In most cases, particularly where the foreign judgment is that of a common-law jurisdiction (e.g. Commonwealth countries and the U.S.), establishing these pre-requisites will not be problematic. Complexities may arise where the foreign judgment is that of a jurisdiction in which the practice and procedure differ from that of the common law, or recognized continental European, model.

Statutory demand and winding up petition under the Companies Law (2020 Revision)

Under the Companies Law, where a creditor owed at least CI$100 (US$125.00) has served a written demand on the debtor company at its registered office in the Cayman Islands, the debtor must pay it, or provide security for its payment to the satisfaction of the creditor, within three weeks following service of the demand (commonly referred to as a “statutory demand”).

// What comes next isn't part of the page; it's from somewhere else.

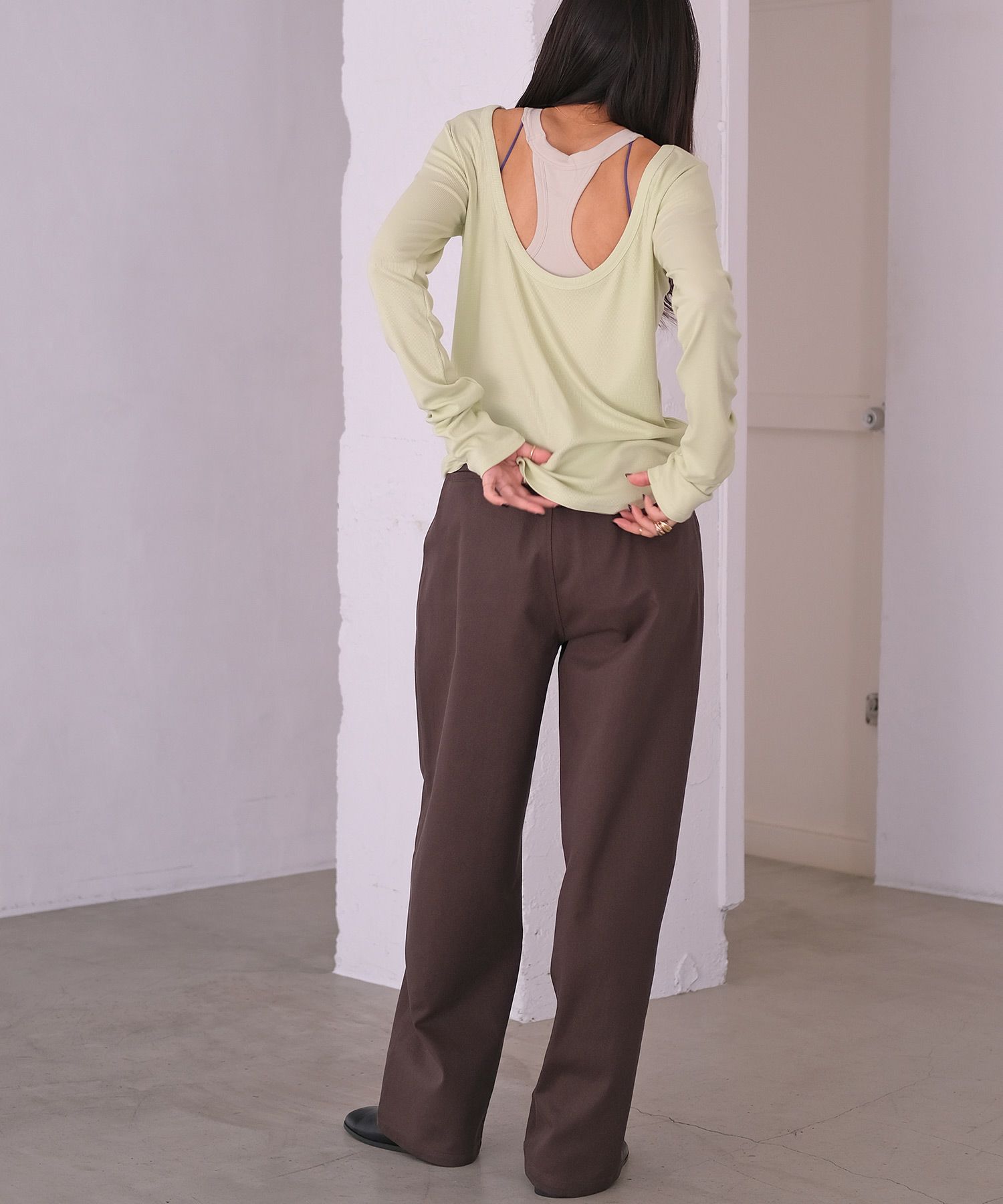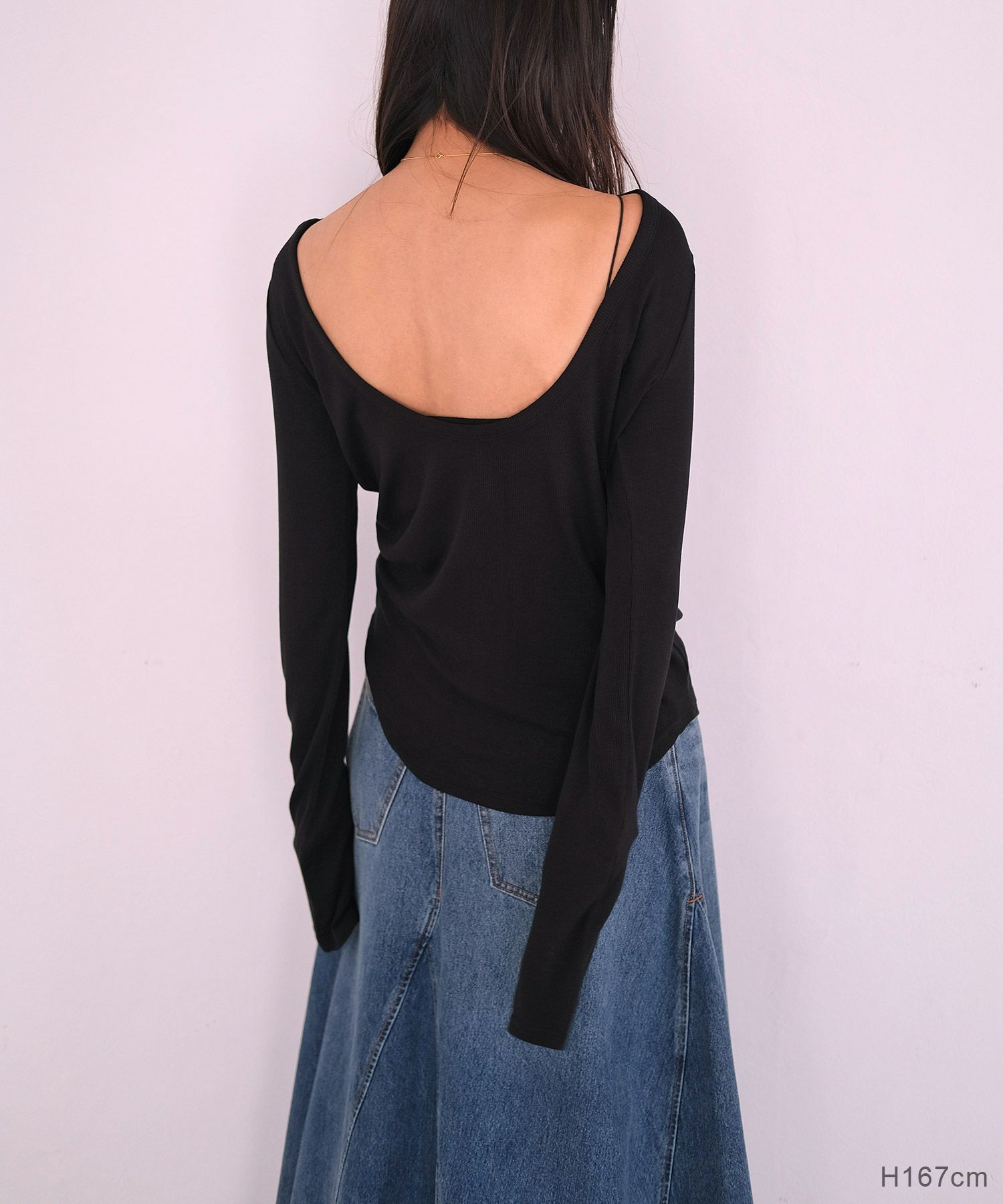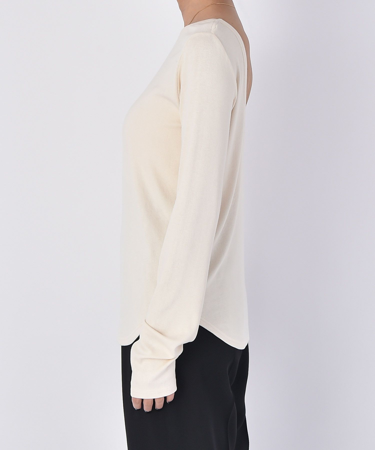 大胆に開いたバックデザインが引き立つシンプルで万能なプルオーバー

If not, the Companies Law deems the debtor company to be “insolvent” and the creditor may file and serve a winding-up petition on the debtor company on the basis that it is unable to pay its debts as they fall due.

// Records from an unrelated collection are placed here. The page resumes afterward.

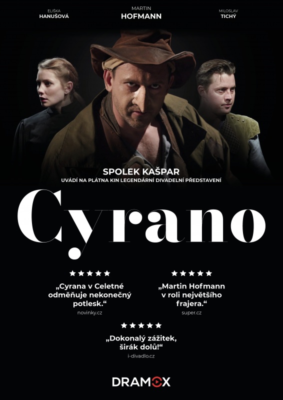 Legenda z Divadla v Celetné. Martin Hofmann exceluje ve své životní roli jako nosatý šermíř z Bergeracu. Jeho Cyrano je fanfarónský, nedůtklivý a hrdý, ale také oddaně milující, zádumčivý a zraněný. Mimořádným hereckým výkonům dává vyniknout minimalistická scéna, která nestrhává divákovu pozornost, naopak podporuje skvělý zážitek. Jeden z největších romantických příběhů všech dob hrají v Celetné již 15 let a představení je stále beznadějně vyprodané. Vychutnejte si dramatický příběh plný lásky, který nestárne.
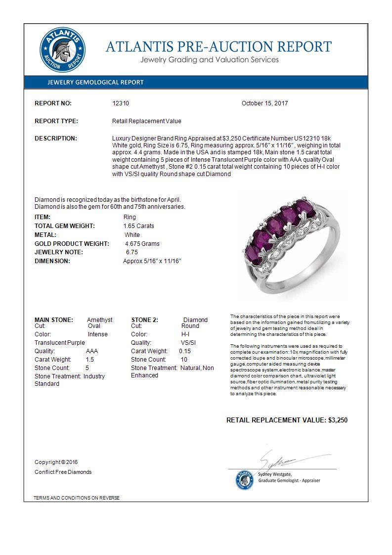 REF-45A5X -12310 ---- 1.65 CTW Amethyst & Diamond Ring 18K White Gold ---- Luxury Designer Brand Ring Appraised at $3,250 Certificate Number US12310 18k White gold, Ring Size is 6.75, Ring measuring approx. 5/16" x 11/16" , weighing in total approx. 4.4 grams. Made in the USA and is stamped 18k, Main stone 1.5 carat total weight containing 5 pieces of Intense Translucent Purple color with AAA quality Oval shape cut Amethyst , Stone #2 0.15 carat total weight containing 10 pieces of H-I color with VS/SI quality Round shape cut Diamond
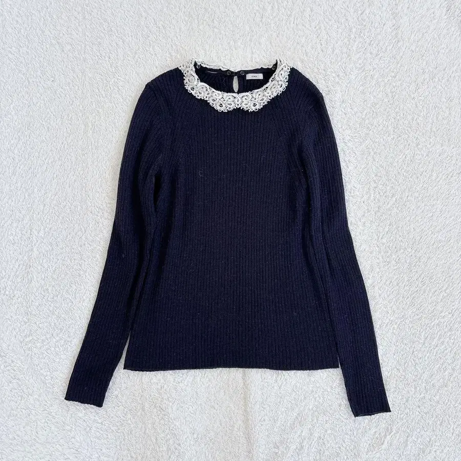 넥라인에 리버 레이스가 달린 컴팩트한 실루엣의 니트입니다. 적당한 핏감으로 부드러운 짜임입니다.
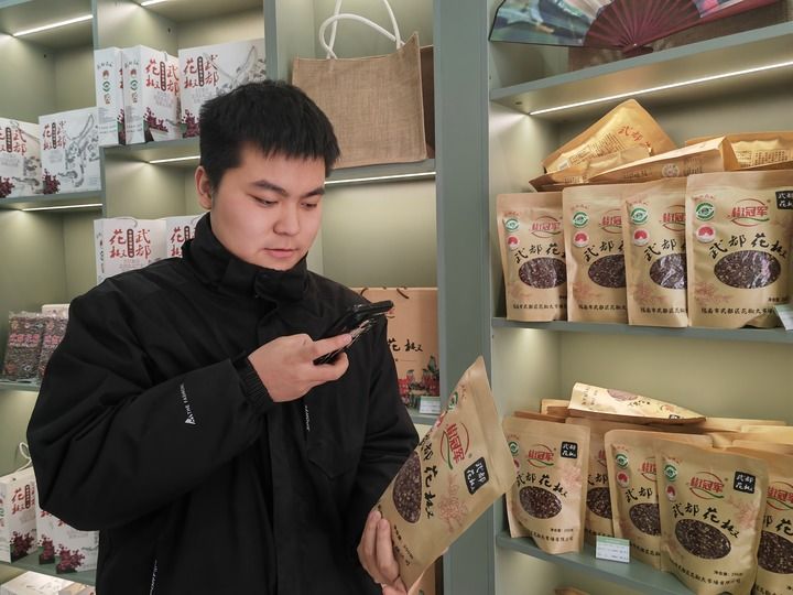 袁启力在店铺内检查花椒产品。(新华每日电讯记者崔翰超 摄)

There is no requirement that the debt arise under a domestic Cayman Islands judgment and the concern of the Grand Court on the return of the winding-up petition, is principally whether the debtor is insolvent. If there are issues as to the jurisdiction of the foreign court or the enforceability of the foreign judgment under common law principles, such as might permit the debtor company to raise a genuine or bona fide dispute to the debt, then the winding-up petition procedure should be avoided since it is not the function of the Grand Court on a winding-up petition to embark upon an extended enquiry or investigation into the merits of any such dispute or to deal with contested issues of fact and law.

The principal purpose of the statutory demand and winding up petition procedure is not debt collection, but rather the protection of creditors by the appointment of an official liquidator and ensuring the orderly winding up and administration of the debtor’s assets, i.e. by pro-rata distribution among the creditors The jurisdiction of the Grand Court to wind up a company which has failed to satisfy a statutory demand is, however, considerable (sometimes referred to as the “nuclear option” in the creditor’s arsenal), and service of a statutory demand (a preliminary and extra-judicial procedure) may see the debt satisfied or arrangements made for settlement of the debt, without the issuance of a winding-up petition.

Conclusion

In most cases, other than those involving judgments of the Australian superior courts, the enforcement of a foreign judgment in the Cayman Islands will require an action at common law to enforce the debt owing under the foreign judgment, either by way of writ of summons or originating summons filed in the Grand Court.

Alternatively, a creditor under a foreign judgment may in the case of a corporate debtor within the Cayman Islands, utilize the relatively simple and cost-effective statutory demand procedure under the Companies Law, and bring considerable pressure to bear on the corporate debtor to satisfy the debt, without necessarily subsequently issuing a winding-up petition, or prejudicing the creditor’s right to enforce the debt under the foreign judgment at common law by the issuance of a writ of summons or originating summons.

References

[1] The Cayman Islands is subject to the New York Convention on the Recognition and Enforcement of Foreign Arbitration Awards (1958) which was extended to the Cayman Islands by the UK on 26 November 1980 and given effect to in the Cayman Islands by the Foreign Arbitral Awards Enforcement Law (1997 Revision).

Legal Disclaimer

The foregoing discussion and analysis is for general information purposes only and not intended to be relied upon for legal advice in any specific or individual situation.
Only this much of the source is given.